» **ACTIVITY**:
Copy all lines below exactly as written. Leave pictures out.

**** GIVEN INFORMATION

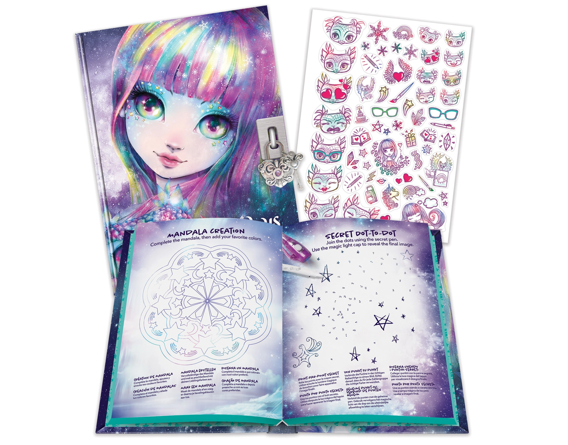 Влезте във впечатляващия свят на Nebulous Star с това тайно тефтерче. Този красиво илюстриран дневник ви позволява да съхраните всичките си мисли, желания и малки тайни в безопасност. В комплекта има вълшебна химикалка, която придава мистичен нюанс на вашите записки.
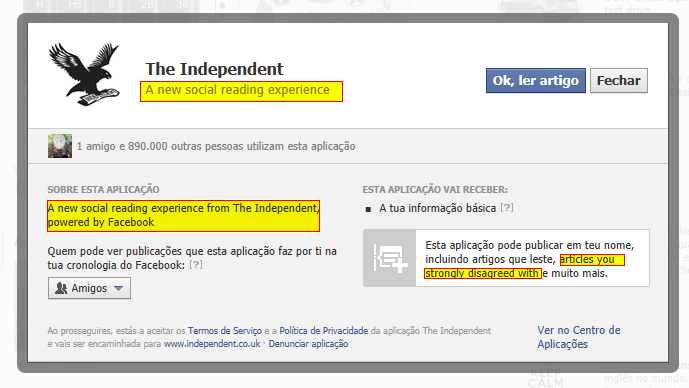 My Facebook language is set to Portuguese – as you can tell by all the yellow highlighted bits in English.
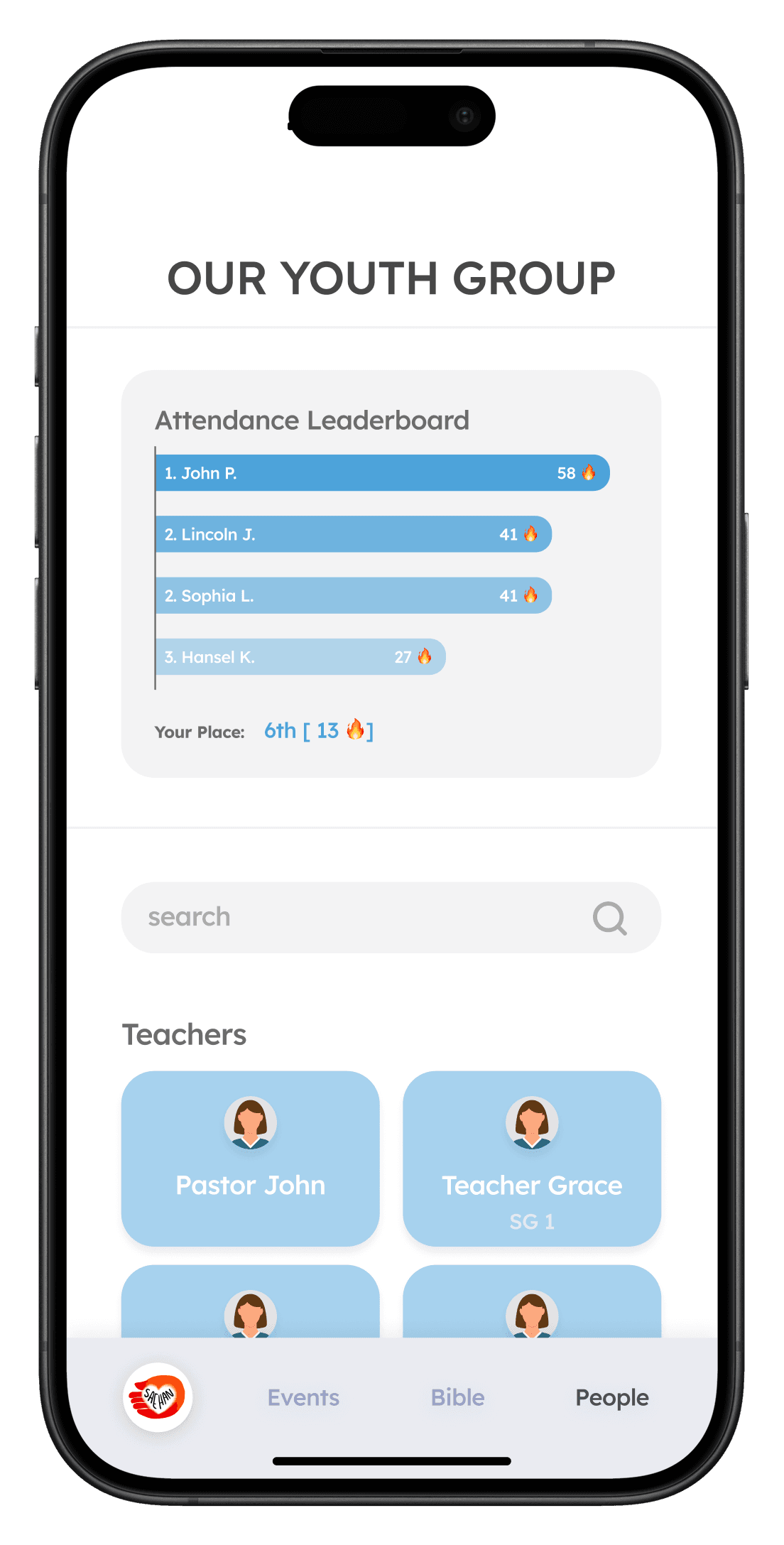 Saehan Youth Group, a local church ministry for middle and high school students, needed an app design that streamlines attendance and increases student engagement.
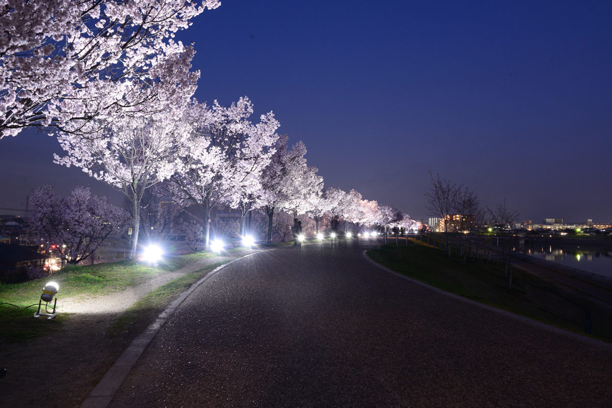 狭山池北堤に咲く桜の並木道がライトアップされます。

********

» **TASK OUTPUT**:
 Влезте във впечатляващия свят на Nebulous Star с това тайно тефтерче. Този красиво илюстриран дневник ви позволява да съхраните всичките си мисли, желания и малки тайни в безопасност. В комплекта има вълшебна химикалка, която придава мистичен нюанс на вашите записки.
 My Facebook language is set to Portuguese – as you can tell by all the yellow highlighted bits in English.
 Saehan Youth Group, a local church ministry for middle and high school students, needed an app design that streamlines attendance and increases student engagement.
 狭山池北堤に咲く桜の並木道がライトアップされます。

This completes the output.